The theory is not just restricted to feminism, however. Ideas of toxic whiteness and toxic masculinity have long been an issue within queer communities. With the rise of groups like Gays for Trump, and the Right’s shameless manipulation of the June shooting at the Pulse nightclub in Orlando as a way to mobilize white gay men around an Islamophobic agenda, the mission of questioning dangerous markers of white supremacy (such as the fetishization or devaluation of bodies of color) in queer spaces is more urgent than ever.

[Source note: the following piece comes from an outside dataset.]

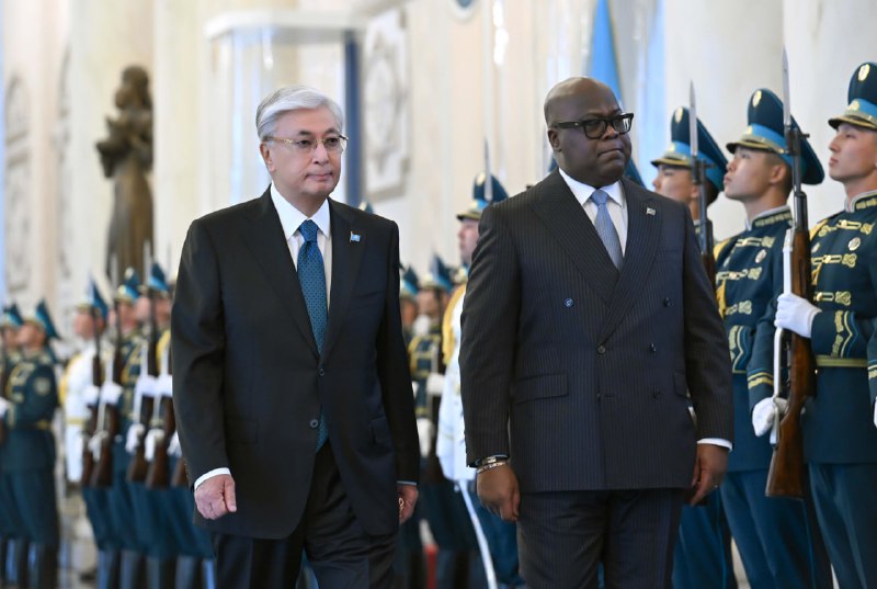 Касым-Жомарт Токаев и Феликс Чисекеди представили друг другу членов делегаций, после чего начальник роты почетного караула отдал приветственный рапорт, прозвучали гимны Казахстана и ДРК.

What does this have to do with “identity politics?” Everything. If the primary (stated) opposition to “identity politics” is that it’s inherently divisional, and that making space for minority voices only serves to deepen gulfs between various groups in America, intersectionality argues that opposite. By positing a society of overlapping identities, intersectionality reminds us that discussing the needs of various groups in our nation is not about reducing people to demographics and then trying to measure their inherent political power. Rather, it argues that the conversations often written off as “identity politics,” “pandering,” “tokenism,” or (God forbid) “reverse racism” and “misandry” are about honoring and making space for experiences that American politics have long seen as, at best, unimportant and, at worst, short term social fads. It undercuts the notion that by talking about a black experience, or a latino experience, or a trans experience, or a queer experience, or a disabled experience, we are somehow being anti-democratic. It pokes necessary holes in the ridiculous idea that a nation truly by and for the People can be comprised of anything but “identity politics.” It is no surprise that white Americans from both parties have begun discussing the pragmatism or leaving minorities (especially people of color) out to dry, after an election that, if won, would have been done so by them. It’s unfortunate, too, that so many “liberals” have begun creating these false dichotomies between the wise and the benevolent.
Make no mistake, the rhetoric on display is neither. The only uniting feature of the anti-”identity politics” hubbub is its preternatural ability to bring together as one both the selfish and the stupid.